Лишь в критические минуты Хадеев спускал с лестницы иного зазевавшегося диссертанта. Когда я, маясь на стройфаке, загорелся идеей поэмы о детском крестовом походе – Ким по памяти перечислил мне двенадцать источников, присовокупив при этом имя автора и год издания. Ему ничего не стоило – пробежав страницу глазами – тут же выдать ее наизусть со всеми закорючками. Два года я у него проучился, прежде чем променял на Литинститут…
В тот день мой оракул отсутствовал. Зато у запертой двери я повстречал Наташу – ресторанную певицу с гладкой темной копной волос. Была она от природы добра. Возможно, малость проста – но не таково ли и само знакомство на лестничной клетке?.. Неделей раньше ее представил Хадееву композитор Эльпер, у которого я по неопытности отбил жену (это с ней, огнегривой Ритой, я читал стихи кээспэшникам, наскребая десятку штрафа за «Хава нагилу»). Что Наташа искала у Кима? Вероятно, просто томилась от скуки: как и большинство вившейся вокруг него шебутной богемы, замедлявшей процесс старения одинокого бунтаря.
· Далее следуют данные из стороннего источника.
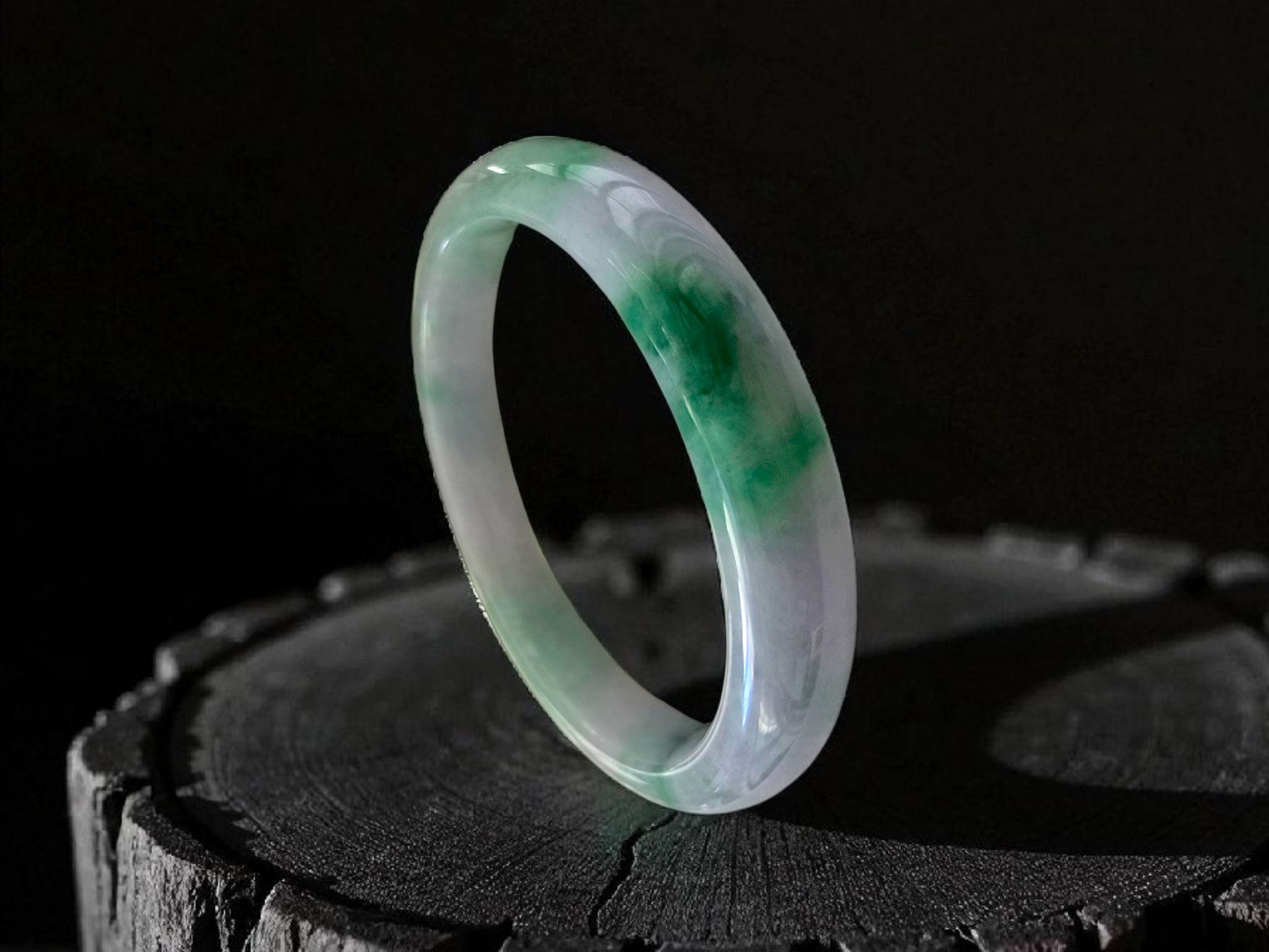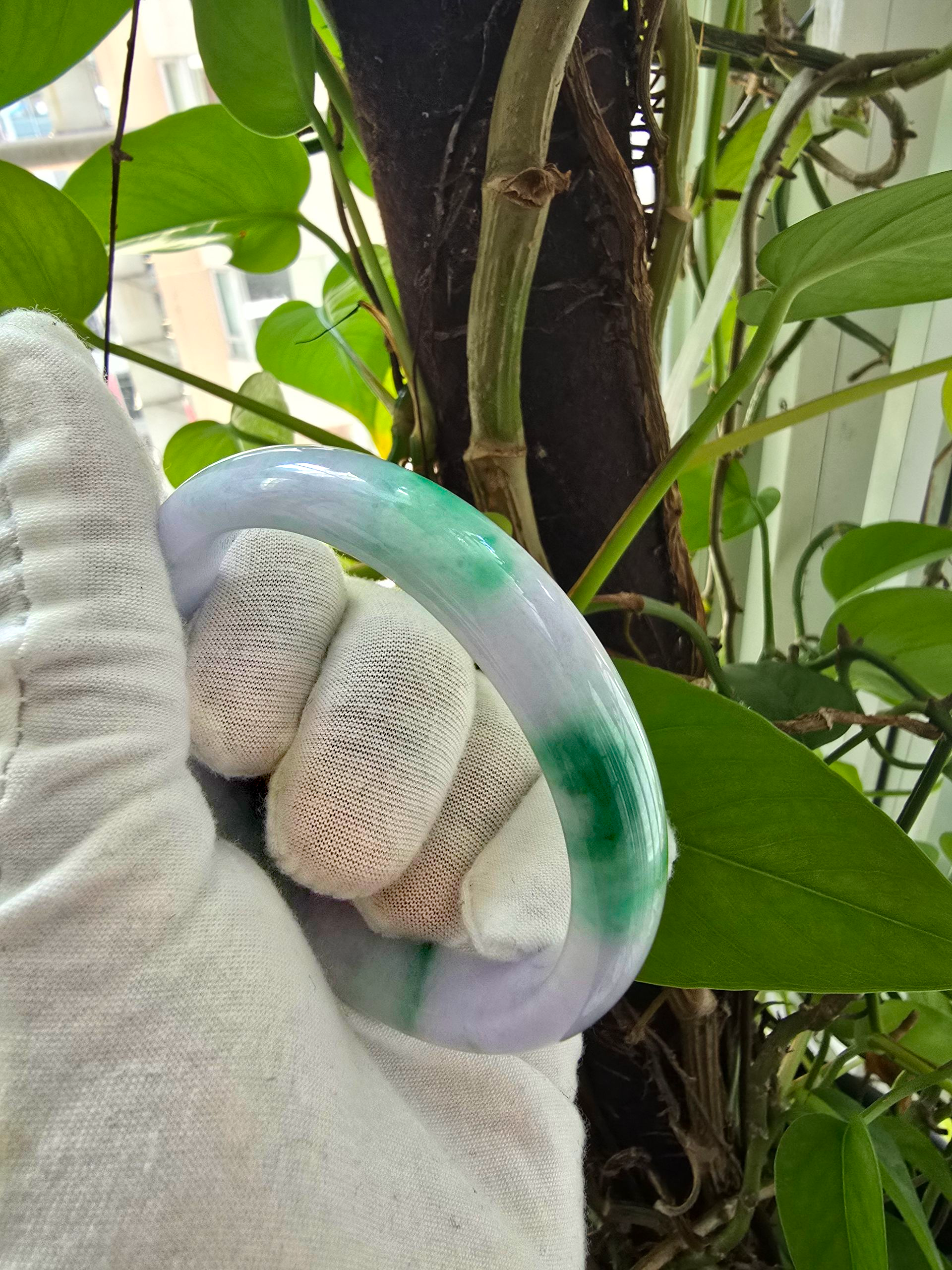 Using the best Handpicked untreated natural A-Jadeite from Burma, we created an authoritative and classy statement bangle bracelet. This unique block of Jadeite has a Green and Lavender base hue, with marbling, patches and splashes of Imperial Intense Green, Vivid-Vibrant Green, Deep Green, Lavender and White. Interlaced with fibrous and patchy interwoven green patterns, the optical effect is stunning. The Fibrous texture and icy translucency in parts, are blended with depth of color and splashes of pattern.
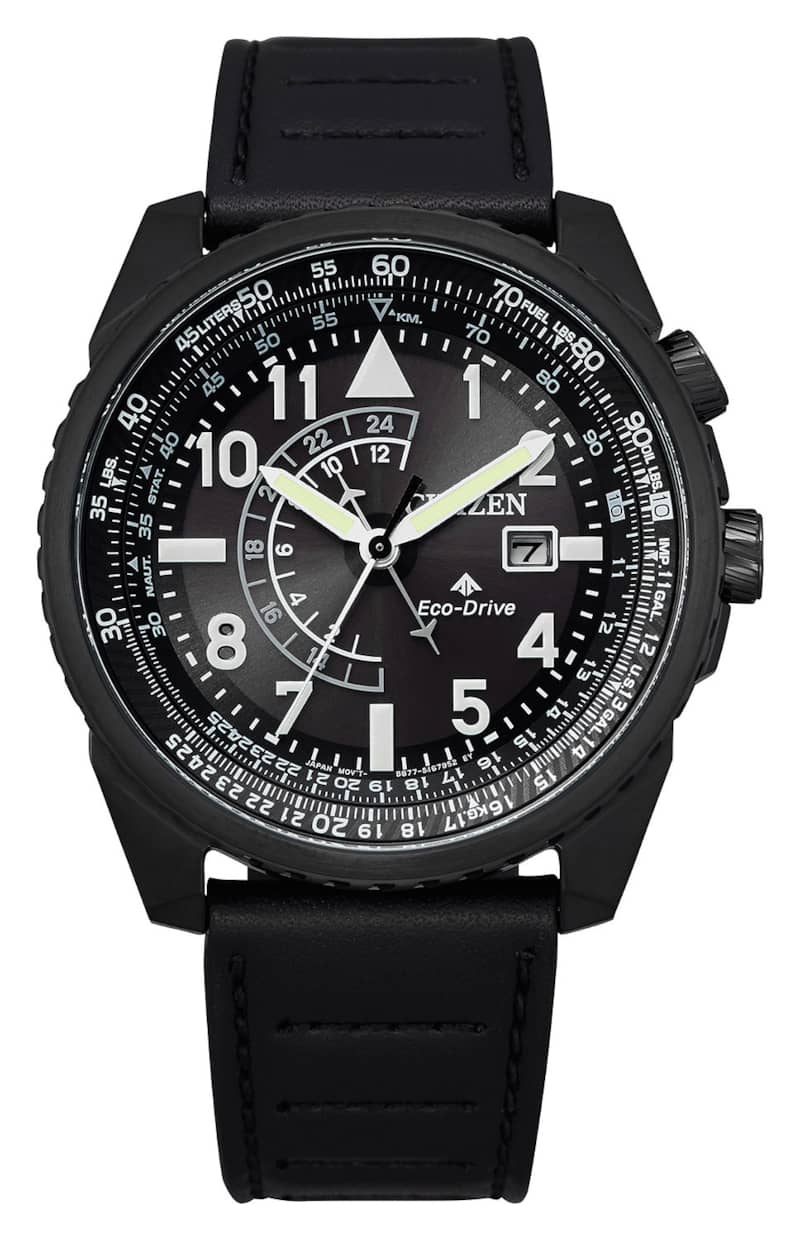 Citizen BJ7135-02E Eco-Drive Promaster Nighthawk 42mm Black Mens WatchWith a 42mm three-piece case, the Promaster Nighthawk from Citizen is inspired by the clean, sleek lines of military stealth helicopters. This watch possesses an all-black design — including a leather strap — and bold white accents alongside advanced features such as Eco-Drive technology, dual time zones, luminous hands and markers and a three-hand dial with the date means it’s ready to go on any missions you might embark on. Features

Мы разговорились. Пустив по боку цель увольнительной, я предложил поехать ко мне. За нами почему-то увязался Дима Строцев, кудреватый актеришка из театра «Коллизей» (умышленно с двумя «л»: вероятно, от слова «коллизия»). Этим балаганом архитектурного факультета руководил мохнатый еврейский шмель, эдакий карабас-барабас, нещадно угнетавший безропотных марионеток. Оттого мне и не составило труда переманить Диму в наш вертеп вольнодумцев: тем паче, этот запоздалый ничевок что-то там украдкой пописывал в стол.
За этот привод Ким был мне особенно благодарен: с порога оценив лепкость пластилиновой душонки. На засаленном матраце хадеевской кухоньки к тому времени уже не первый год крючился египетский писец Гриша Трестман, несусветным стихом пытавшийся переколпачить Ветхий Завет. «Иов», «Иона» – так назывались многословные, часто злободневные, но всегда бездарные поэмы. Стоило только с его конвейера сойти очередной партии кустарных строф, как седобородый контролер набрасывался на них, деловито ощупывая со всех сторон, проверяя на стилистическую вшивость. В первой половине дня его подопечный, заработка ради, доил вялотекущую гусеницу светогазеты, непрестанно ползшую по парапету городского полиграфкомбината. Но уже заполдень тайно фрондерствующий выпестыш партшколы и сам сдавался на милость неумолимого редактора. Трестман обреченно замирал, с трепетом ожидая, когда ребе с улицы Захарова, зычно выматерясь и высморкавшись в кулак, соизволит наметить для него фабульные контуры очередной главы…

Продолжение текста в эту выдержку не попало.